You use the heading “Dialectic of Modernization” to describe how society’s empty center is filled with illusionary images of a center.

In Spheres III, I attempt to explain why we should not only purge the two portentous words revolution and mass from our vocabulary, but also the concept of “society.” It suggests a coherence that could only be achieved by violent asserting conformism. The conglomerate of humans that has, since the 18th century, called itself “society” is precisely not based on the atomic dots that we tend to call individuals. Instead, it is a patchwork of milieus that are structured as subcultures. Just think of the world of horse lovers—a huge subculture in which you could lose yourself for the duration of your life but which is as good as invisible if you are not a member of it.
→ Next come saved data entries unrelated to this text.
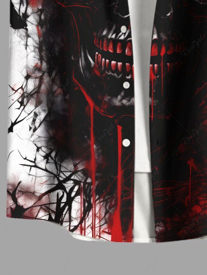 Gothic Plus Size Ink Painting Skull Bloody Print Button Pocket Shirt For Men
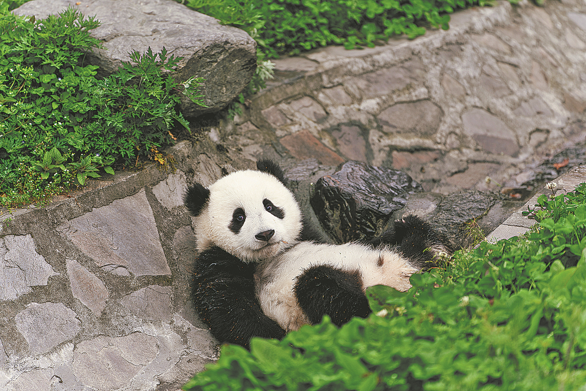 A giant panda cub rests at Wolong National Nature Reserve, Sichuan province. [Photo/Xinhua]
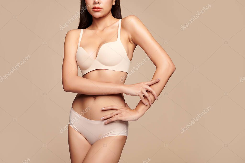 - Уверенная в себе красивая молодая азиатская женщина позирует в белом белье на бежевом фоне, идеальное тело,
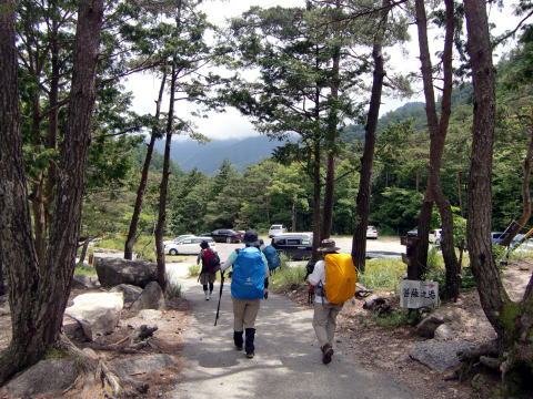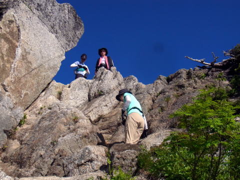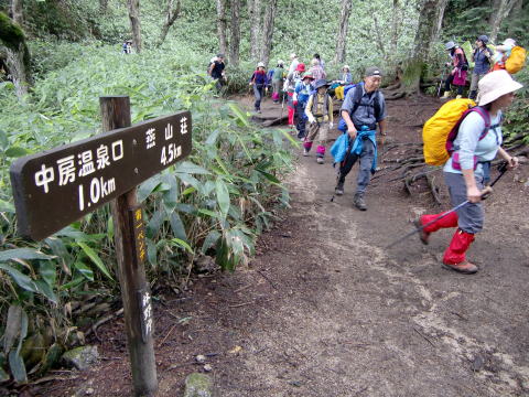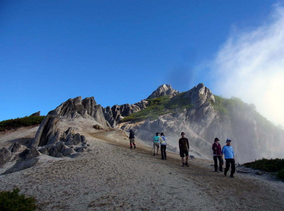 | いよいよ下山です。私とアリスは、登山口よりも20〜30分下まで車を取りに行かなければならないので、皆さんより急ぎ足でおります。殆ど休憩なしで・・・(とは言っても、120人など大団体が来たり、登り優先の為、待つことも多くなり、なかなか降ろさせてもらえません)、下山します。 |
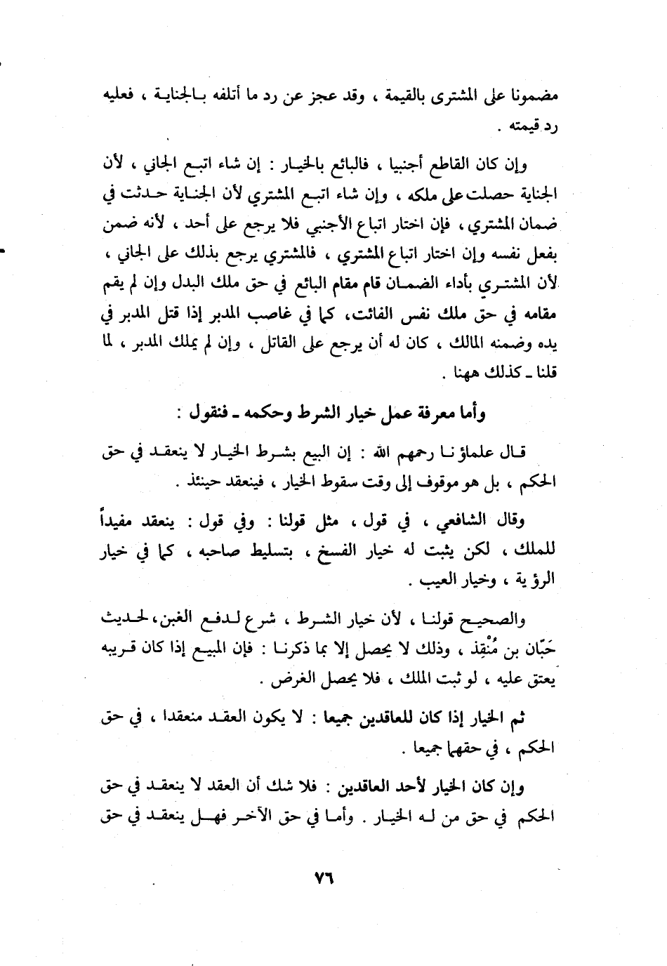 ثمَّ الْخِيَار إِذا كَانَ للعاقدين جَمِيعًا لَا يكون العقد منعقدا فِي حق الحكم فِي حَقّهمَا جَمِيعًا
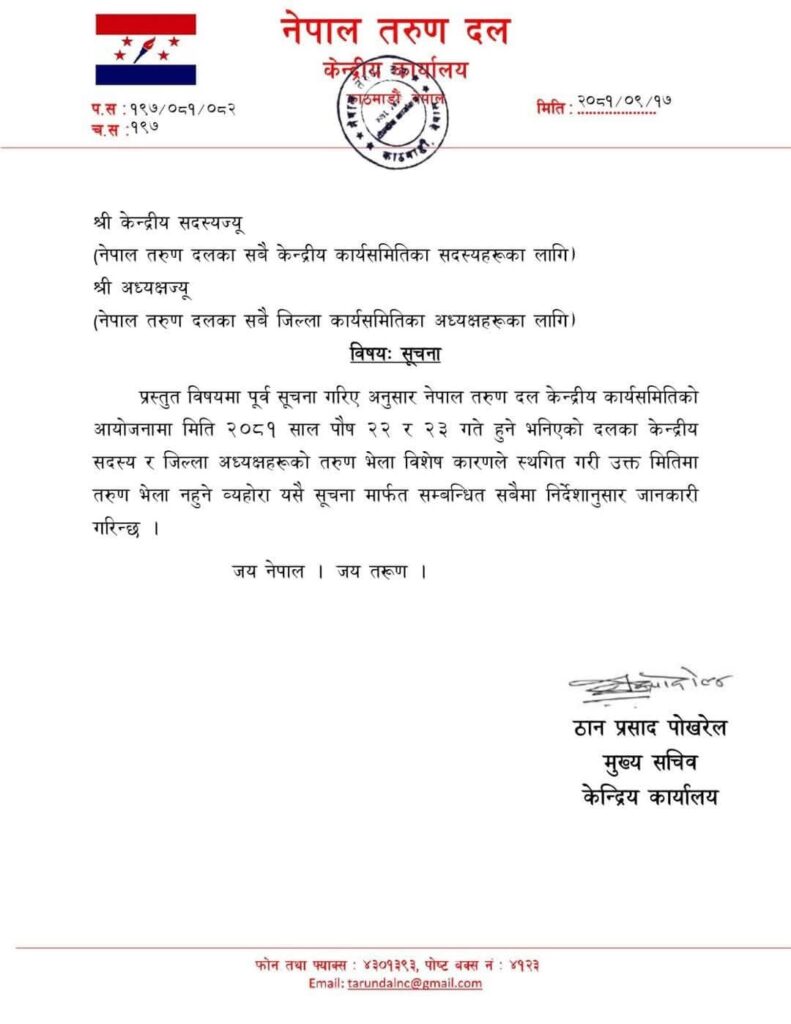 तरुण दलको केन्द्रीय कार्यालयका मुख्य सचिव ठानप्रसाद पोखरेलले बुधबार सूचना प्रकाशित गरेर पौष २२ र २३ गते ललितपुरस्थित नेपाली कांग्रेसको केन्द्रीय कार्यालयमा हुने भनिएको तरुण भेला विशेष कारणले स्थगित भएको जनाएका छन् ।
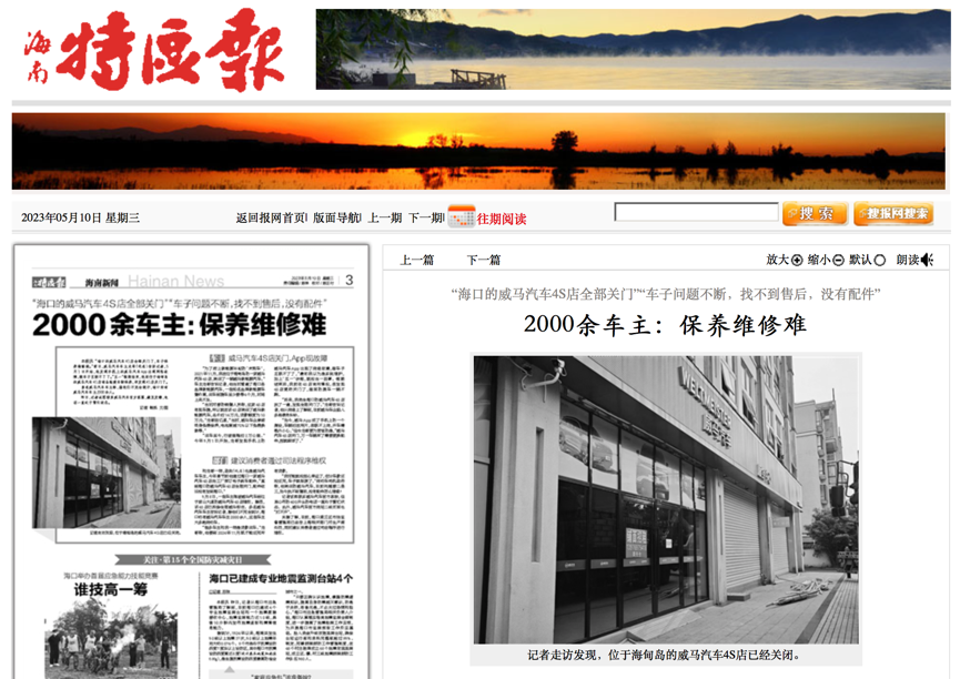 另据媒体报道,位于海南省海口市的威马汽车4S店在近日全部停业,导致2000名威马车主在车辆出现问题后找不到售后,维修保养都成了难题。

There are hundreds if not thousands of milieus in the current social terrain that all have the tendency from their own viewpoint to form the center of the world and yet are as good as nonexistent for the others. I term them inter-ignorant systems. And, among other things, they exist by virtue of a blindness rule. They may not know of one another, since otherwise their members would be robbed of the enjoyment of being specialized members of a select few. In terms of their profession, there are only two or three types of humans who can afford polyvalence in dealing with milieus. The first are architects who (at least virtually) build containers for all; the second are the novelists, who insert persons from all walks of life into their novels; finally come the priests who speak at the burials of all possible classes of the dead. But that is probably the entire list. Although, no, I forgot the new sociologists à la Latour.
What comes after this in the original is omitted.